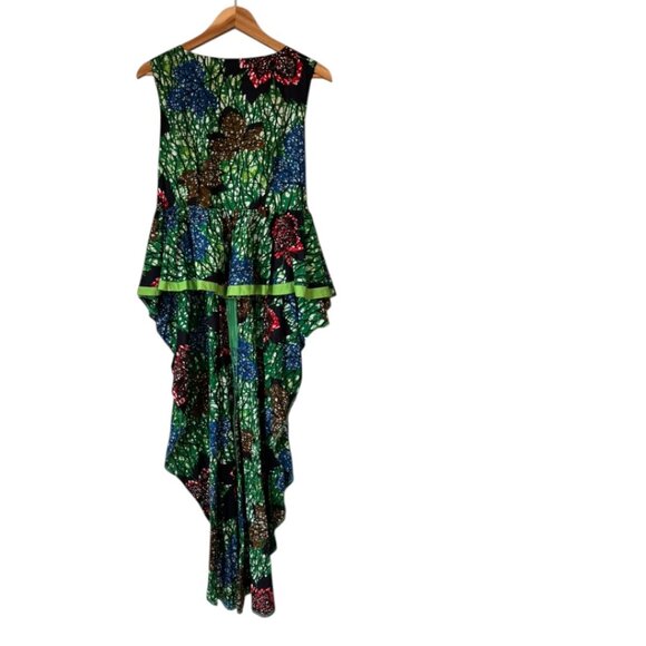 Keywords: African print, wax print, ankara top, peplum top, hi-low top, long back top, African fashion, Binta wax, size XL, women's clothing, ethnic fashion, bold print, formal top, party top, statement piece, Africa, tribal, top with skirt attached
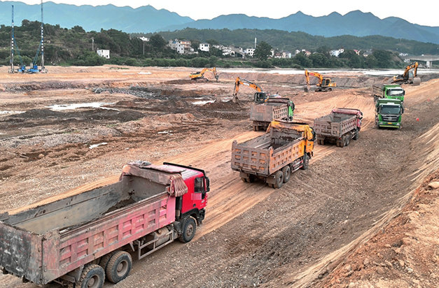 鐵路工程建設(shè)網(wǎng)訊 在常山江航電閣底樞紐工地,20多臺大型機(jī)械設(shè)備協(xié)同作戰(zhàn),在各工序施工中發(fā)揮其最大效能,截止8月18日開工一個(gè)月,圍堰、導(dǎo)流墻和泄洪閘基坑已初具規(guī)模。
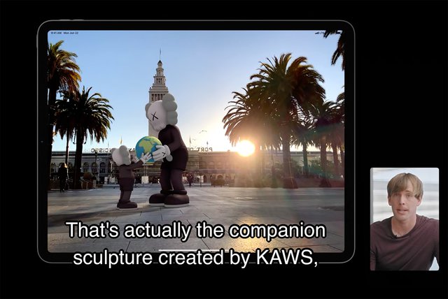 このロケーションアンカーを使った例として、サンフランシスコのベイエリアの街並みをマップに表示しながら、世界的アーティスト・KAWSのARフィギュアをあたかもその場所に存在するかのように配置するデモンストレーションが紹介された。

*****

• [DESCRIPTION OF THE TASK]: In the answer, retype exactly and only the lines from the one holding "鐵路工程建設(shè)網(w" through the end of the listing, keeping both ends and dropping every picture.

• [ANSWER TO THE PROBLEM]:
 鐵路工程建設(shè)網(wǎng)訊 在常山江航電閣底樞紐工地,20多臺大型機(jī)械設(shè)備協(xié)同作戰(zhàn),在各工序施工中發(fā)揮其最大效能,截止8月18日開工一個(gè)月,圍堰、導(dǎo)流墻和泄洪閘基坑已初具規(guī)模。
 このロケーションアンカーを使った例として、サンフランシスコのベイエリアの街並みをマップに表示しながら、世界的アーティスト・KAWSのARフィギュアをあたかもその場所に存在するかのように配置するデモンストレーションが紹介された。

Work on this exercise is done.